Holidays and the passing of my mom (heart attack out of the blue, as if I needed any more hints) blew me up to 240.3 on 3/1/21. As of this morning I'm tipping the scales at 223.9. At 5'11" that's a BMI of 31.2, I'm almost 44 and have three kids, 7, 5 and 3. At 50ish, my pop had a quadruple bypass. That's not a memory I want to give my children. Heaviest ever was 293, so could easily be on that path.

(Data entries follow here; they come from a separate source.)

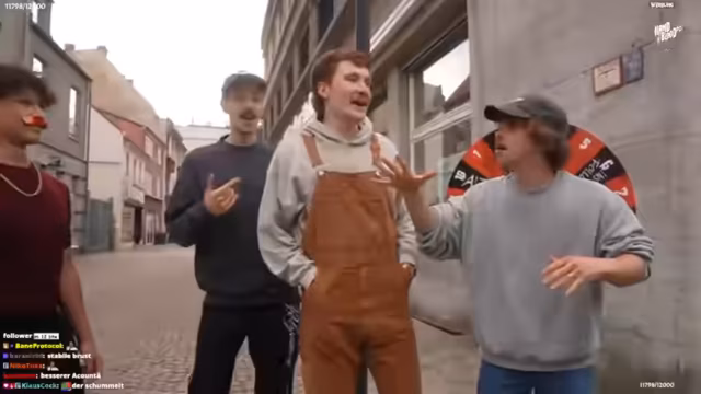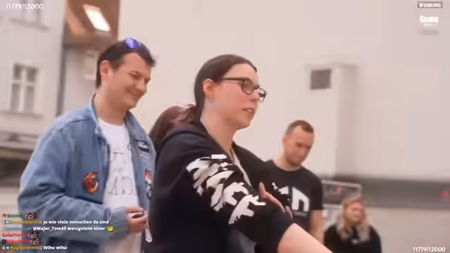 05:13:31Nach der Gaming-Challenge wechseln die Teilnehmer zum Marktplatz, um mit dem Publikum zu interagieren. Sie bewerben Knabe-Cola und laden die Menschen zum Mitmachen ein. Es wird über Berlin und Sehenswürdigkeiten gesprochen, wobei der Streamer seine eigene Vorliebe für die Zitadelle erwähnt. Die Teilnehmer machen eine kleine Stadtführung und unterhalten sich mit den Passanten über verschiedene Themen, darunter Fußball und lokale Besonderheiten.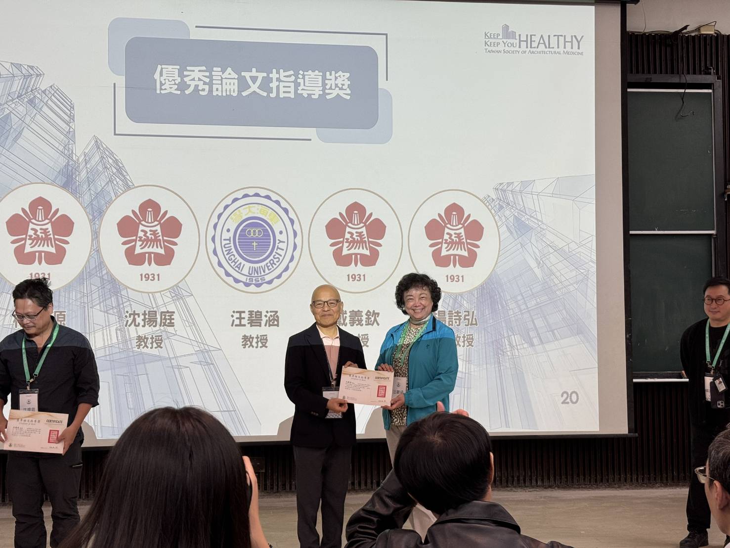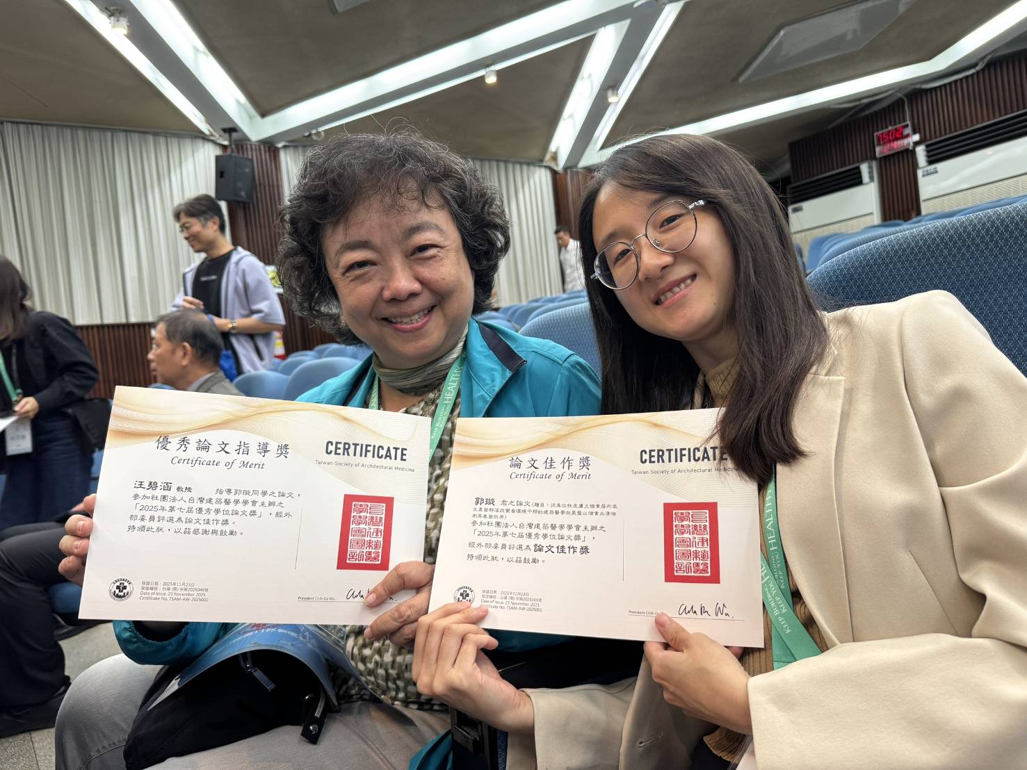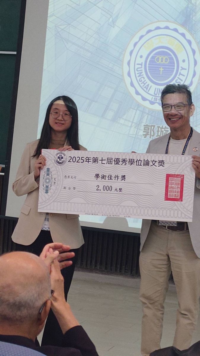 本系碩士畢業生 郭璇 參加 2025 年社團法人台灣建築醫學學會舉辦之學會論文競賽,在來自 21 所大專院校、83 位碩博士論文中脫穎而出,榮獲論文佳作獎。指導教授汪碧涵亦因指導學生之卓越研究成果而獲頒優秀論文指導獎,展現本系的研究實力。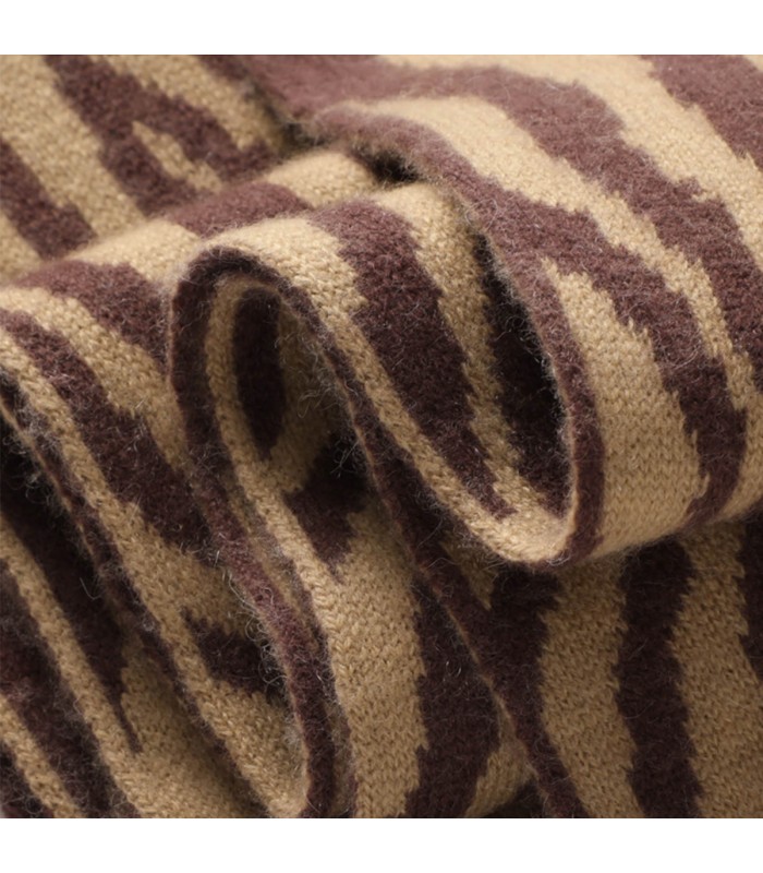 Material and Craftsmanship: This scarf is made of high-quality cashmere, with a soft and delicate touch, comfortable against the skin, and non-irritating, combining lightweight design with excellent warmth. Cashmere is naturally breathable, keeping you warm without feeling stuffy in winter, while also being pill-resistant and durable, ensuring it remains smooth and soft even after prolonged use.Zebra Print Knit Design: The unique zebra print design adds visual depth and a fashionable touch, easily creating a personalized look. The fine knitting process creates a strong three-dimensional texture, enhancing the overall quality and combining decorative and practical functions.Size and Fit: The scarf is 27cm wide and 180cm long, suitable for wrapping around the body or layering, providing excellent warmth. The moderate width and length ratio allows it to cover the neck for warmth while also being versatile enough to match various outerwear styles.Soft and Comfortable: The cashmere fabric is soft and smooth, comfortable against the skin, and will not cause itching even when placed directly against the neck. The lightweight and soft texture makes the wearing experience more comfortable, balancing warmth and comfort in winter.Versatile and Stylish: The classic black and white zebra print design is easy to match, pairing well with coats, down jackets, knitwear, or trench coats to effortlessly elevate the overall look with style and sophistication.Suitable Occasions and Functionality: Ideal for daily commutes, casual outings, dates, winter travel, and holiday gatherings. A zebra-print scarf is not only practical and warm but also a stylish statement piece, easily showcasing a unique and fashionable style, making it an excellent gift choice.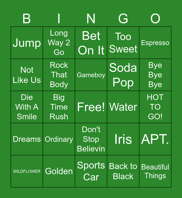 This bingo card has a free space and 24 words: Ordinary, Golden, Gameboy, WILDFLOWER, Espresso, Jump, Not Like Us, Long Way 2 Go, Water, Don't Stop Believin, Soda Pop, Die With A Smile, Iris, APT., Rock That Body, Back to Black, HOT TO GO!, Bet On It, Bye Bye Bye, Big Time Rush, Beautiful Things, Dreams, Too Sweet and Sports Car.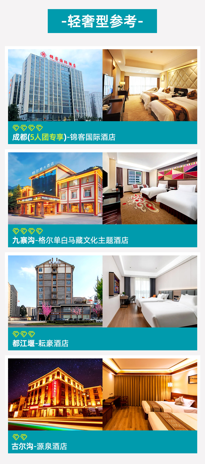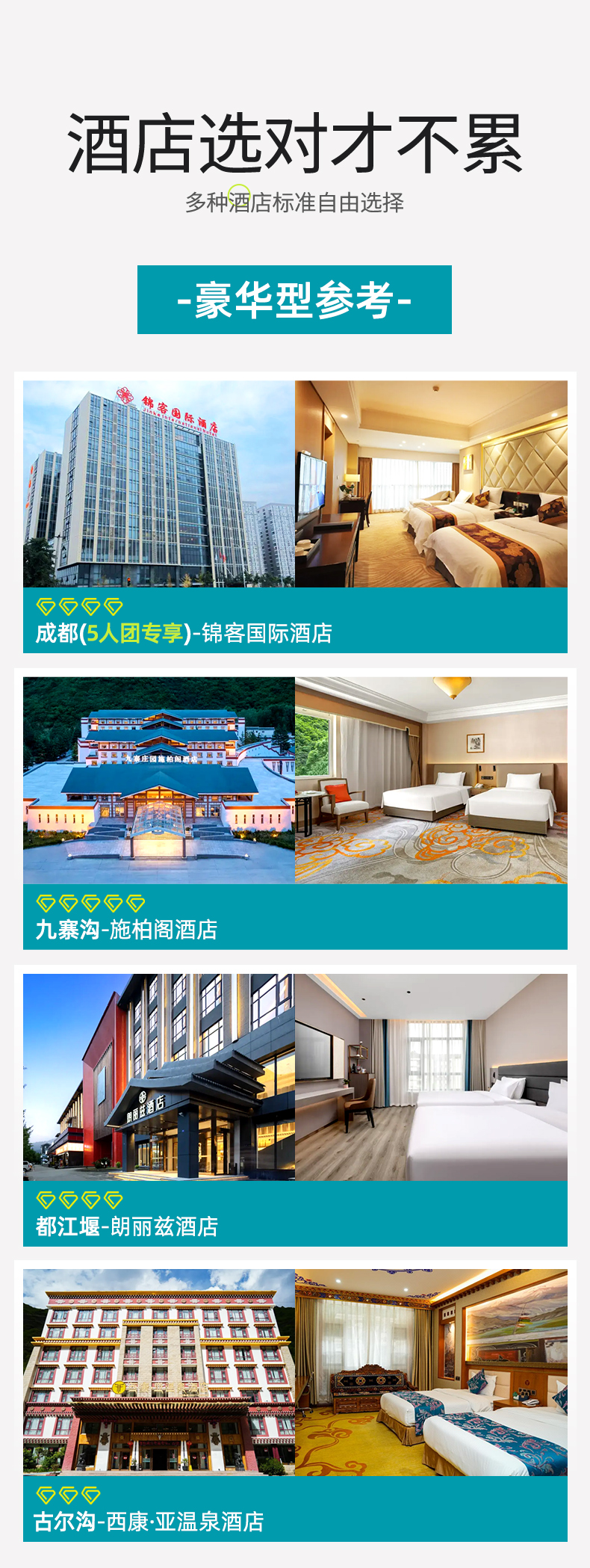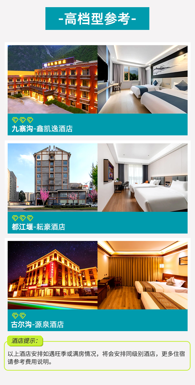 注:酒店套餐命名仅以九寨沟住宿为准,非实际酒店等级,望悉知。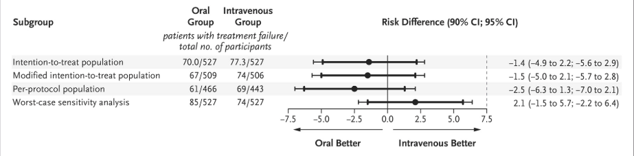 OVIVA: Here’s the big news: Oral therapy was clearly non-inferior to IV. Definitive treatment failure at 1 year occurred in 13% of the oral group and 15% of the IV group. These results held up in several sensitivity analyses, including something we called a “worst case” outcome. In this approach, we take the participants with missing data, and assume all these participants who were randomly assigned to receive oral therapy and no participants who were randomly assigned to receive intravenous therapy had definitive treatment failure. This introduced the worst possible bias against the oral strategy — and it was still non-inferior. Here, take a look at this figure:

Wife is a stay at home mom, so between work and then coming home and spending time with the kids not much free time in the day. Exercise suffers. I'm a binge eater, so have to really lean into IF to control (eliminate) eating/grazing at work and control the food that comes into the house so I'm not tempted to polish off 20 double stuf oreos.

5/19/23: 223.9 lbs
Welcome aboard! I hope you get the same benefit I do from the accountability and support!
 
I agree that diet is the main thing. You can get thin without ever training, by eating correctly. But for me, it is much easier to watch what I eat if I am working out. Also, you see gains much faster if you are working out as well. Seeing gains begets motivation, which begets more discipline. Much easier to pass on that box of Nutter Butters if you just got out of the shower after a bike ride, as opposed to a grueling 30 minutes of Instagram and FBG message boards. Also, much easier to do this if there are no Nutter Butters in the house, but hey, people don't live alone, so at some point self-control comes into play.

All regular cardio for me is low-impact, I am very respectful of my back and knee and ankle joints. BIke ride, Stairmaster. Elliptical is fine I guess, but I never liked it, and it's tough to get a sweat going. For real, the best thing in the gym is the old school Stairmaster, you know the one you can fall off, actual stairs? You get a sweat going up a never ending flight of stairs really quick. 30 minutes of an interval setting. I will do interval training on my bike as well, riding hard till I am burning, then slowing down, and letting the heart rate slow down, and do it again. A good read on interval training The effect of after burn, and speeding up you metabolism through HIIT results in you having the ability to burn more fat when you are NOT training,, thus the advantage over diet without exercise, or just doing longer sustained exercise. And no matter how out of shape you are, HIIT helps.
I'm the same way, would love to run but have to take care of those joints. Biking is key for me. Sometimes in the office we will use the stairs up to the 16th floor, and I'm amazed at how quickly my heart rate jumps doing that.